Martin (2013: 52):
[1] This gloss of the metafunctions is potentially misleading. The ideation metafunction is the construal of experience, not the construal of discourse, and the interpersonal metafunction is the enactment of interpersonal relations, not the enactment of discourse. Halliday & Matthiessen (1999: 7-8):
The ideational metafunction is concerned with construing experience — it is language as a theory of reality, as a resource for reflecting on the world. … The interpersonal metafunction is concerned with enacting interpersonal relations through language, with the adoption and assignment of speech roles, with the negotiation of attitudes, and so on — it is language in the praxis of intersubjectivity, as a resource for interacting with others. The textual metafunction is an enabling one; it is concerned with organising ideational and interpersonal meaning as discourse — as meaning that is contextualised and shared.
[2] The claim that 'SFL's distinctive approach to meaning and constituency in fact grew out of the development of axis (system/structure relations) from the early 1960s' is very misleading because it is untrue on several counts.
Firstly, Martin misunderstands axis as system/structure relations, as stipulated in realisation statements. In SFL Theory, axis is a local dimension whose two orders are the paradigmatic and syntagmatic (Halliday & Matthiessen 2014: 32), with system and structure as their respective dimensions. Realisation statements are located on the paradigmatic axis, and as the name suggests, the relation between the axes is simply realisation.
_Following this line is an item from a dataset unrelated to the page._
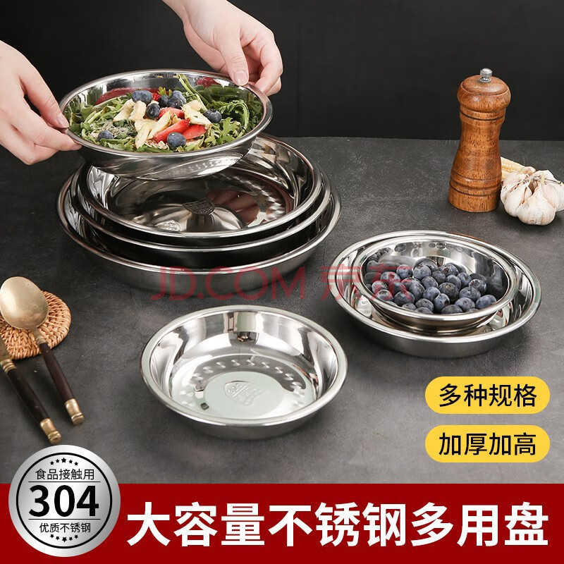 科野304不锈钢圆盘多用烧烤餐盘加深平底菜盘子食物托盘10个起批 14cm

Secondly, the SFL approach to the metafunctions and constituency did not grow out of the development of either axis or system/structure relations from the early 1960's.
On the one hand, the metafunctions are a distinct global dimension from the local dimension of axis (ibid.), and first appeared in Language Structure and Language Function (Halliday 1970).
On the other hand, the SFL approach to constituency, a rank scale, is a distinct local dimension from the local dimension of axis (Halliday & Matthiessen 2014: 32), and derives from the method of ranked constituency analysis, rather than immediate constituency analysis, as first set out in Categories of A Theory of Grammar (Halliday 1961), and explained more fully in Introduction to Functional Grammar (Halliday 1985).
The rhetorical significance of Martin's misleading bare assertion (the ipse dixit fallacy) is that it assumes the conclusion (the petitio principii fallacy) of the entire monograph. That is, it is one logical fallacy serving another in an invalid argument for a false conclusion.